Ms Conisbee said interest rates will be higher for longer due to sticky inflation. “… we are unlikely to see a rate cut until late 2024 or early 2025. This means mortgage holders need to survive until 2025, paying far more on their home loans than they did two years ago.”

Buyers in coastal areas currently have a window of opportunity to take advantage of softer prices, Ms Conisbee said. “Look out for beach house bargains over summer but you need to move quick. In many beachside holiday destinations, we saw a sharp rise in properties for sale and a corresponding fall in prices. This was driven by many pandemic driven holiday home purchases coming back on to the market.”

3 key housing market trends for 2024

Here are three of Ms Conisbee’s predictions for the key housing market trends of 2024.

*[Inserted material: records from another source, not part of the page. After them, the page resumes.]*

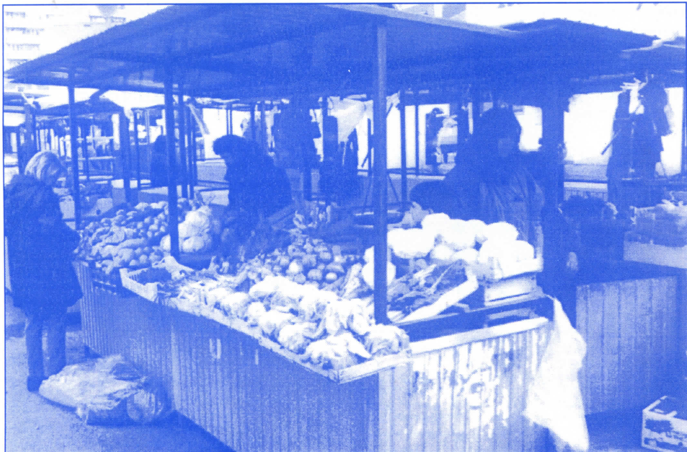
Српски радикали вратиће Каленићеву пијацу њеној изворној намени

Када поклоните своје поверење српским радикалима, ваш нови одборник биће вам увек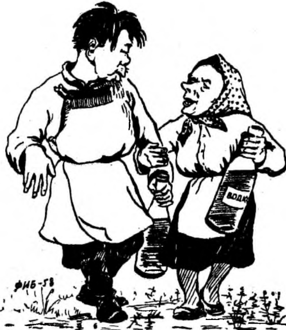
«Айраггүй архиншад, ажалгүй зайгуулнууд»

Ринчинов гээшэнэ МТФ-е даажа энээнһээ урда тээ яһалал хайн байтараа, гэм хээд, сүүдлүүлжэ ошоһон аад, 1957 ондо бусажа ерэнһэнэ хойшо архи намнаад, ажал хэжэ үгэнэгүй.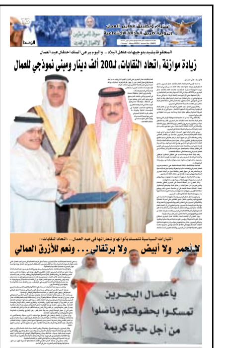
زيادة موازنة اتحاد النقابات، 200 ألف دينار ومبنى نموذجي للعمال

وأكد العلوي أنه بعد أن تم تسليم الاتحاد وثيقة الأرض التي وهبها عاهل البلاد للاتحاد العام لنقابات عمال البحرين، فقد وجه لتشكيل لجنة من ثلاث وزارات وهي وزارة العمل، وزارة الأشغال، ووزارة المالية بالإضافة إلى الأمانة العامة للاتحاد لبناء مبنى نموذجي يعكس مدى اهتمام القيادة السياسية بالطبقة العاملة في البحرين. (التفاصيل ص13 و14 و15 و16)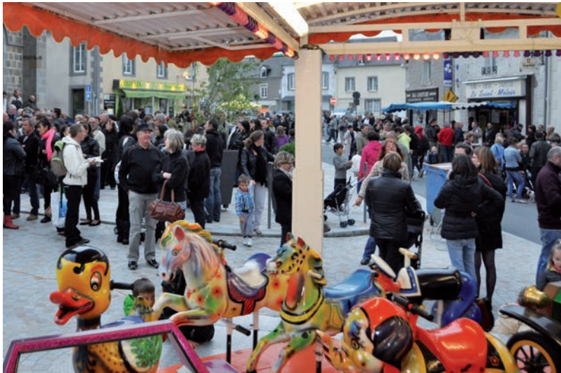
Fête de la Musique 2013

Un embellissement pour une plus grande attractivité commerciale et le plaisir de goûter à la convivialité

Luxury apartment market to soar

Ms Conisbee said the types of apartments being built have changed dramatically amid more people choosing to live in apartments longer-term and Australia’s ageing population downsizing. “Demand is increasing for much larger, higher quality, more expensive developments. This has resulted in the most expensive apartments in Australia seeing price increases more than double those of an average priced apartment. This year, fewer apartments being built, growing population and a desire to live in some of Australia’s most sought-after inner urban areas will lead to a boom in luxury apartment demand.”

Homes to become even greener

The rising costs of energy and the health impacts of heat are two new factors driving interest in green homes, Ms Conisbee said. “Having a greener home utilising solar and batteries makes it cheaper to run air conditioning, heaters and pool pumps. We are heading into a particularly hot summer and having homes that are difficult to cool down makes them far more dangerous for the elderly and very young.”

More people living alone

For some time now, long-term social changes such as delayed marriage and an ageing population have led to more people living alone. However, Ms Conisbee points out that the pandemic also showed that many people prefer to live alone for lifestyle reasons. “Shorter term, the pandemic has shown that given the chance, many people prefer to live alone with a record increase in single-person households during the time. This trend may influence housing preferences, with a potential rise in demand for smaller dwellings and properties catering to individuals rather than traditional family units.”